Body Heat Converted Into Electricity Powers Health Sensors

There has been an increasing number of wearable technologies that have health sensors as medical tools to track a person’s well-being. Many of these devices need to be charged or are battery-powered. 

A handful of researchers want to take batteries out of the equation and instead, use waste body heat and convert that into useful electricity to power sensors. 

“The average person is something like an 80-watt light bulb,” said Jamie Grunlan, Texas A&M University’s Linda & Ralph Schmidt ’68 Professor in Mechanical Engineering.

Grunlan and his team of researchers are working on using the waste heat the body gives off and converting that into useful electricity. The idea is to create printable, paintable thermoelectric technology that looks like ink and can coat a wearable fabric, similar to dyeing colors onto cloth. Once a person wears the fabric, devices such as health sensors can be powered.

“Our coating coats every fiber within that textile, and so what’s drawing it is simply that textile needs to just be touching the heat source or be close enough to the heat source to be feeling the heat source,” Grunlan said. 

Military and sporting goods companies have applications for this type of technology because there is not a large battery pack worn on the body that could be a cause of injury if the person would fall.

“They would love to power health sensors off of body heat and then wirelessly transmit that data to wherever,” Grunlan explained. “You’d like to know if somebody had a concussion or was dehydrated or something like that while it’s happening in real time.”

As a person generates heat, the temperature outside is colder than what’s against the body. The temperature differential generates a voltage. 

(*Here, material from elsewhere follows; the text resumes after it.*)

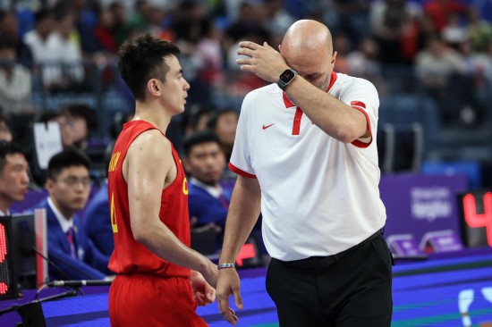 10月4日,中国队主教练乔尔杰维奇(右)在比赛后。当日,在杭州亚运会篮球项目男子半决赛中,中国队以76比77负于菲律宾队,无缘决赛。 新华社记者 潘昱龙 摄

The goal is to design technology that can get one volt or up to 10 percent efficiency and beyond. So, for example, a researcher would try to get eight watts from a person who is generating 80 watts.

The ingredients in this thermoelectric recipe include carbon nanotubes, polymers and a carbon material called graphene, which is a nanoparticle. 

Researchers are trying to perfect the recipe of this ink-like material. 

“The one voltage is realistic, but how much material do we need to get that one voltage because we need as little as possible?” said Carolyn Long, a Ph.D. graduate student at Texas A&M. 

“So, different polymers, different amounts of the multi-walled or double-walled nanotubes, adding the graphene, which order it needs to go in exactly to create the best pathway for the electrons for the thermoelectric material,” said Long of the various experiments she and her lab mates have conducted.

The aim is to create a product that can be mass produced. 

“It will happen. It’s not will it happen. It’s when. Is it a year, or is it five years?” Grunlan said.

That will depend on how much funding and manpower is available to make this technology a reality.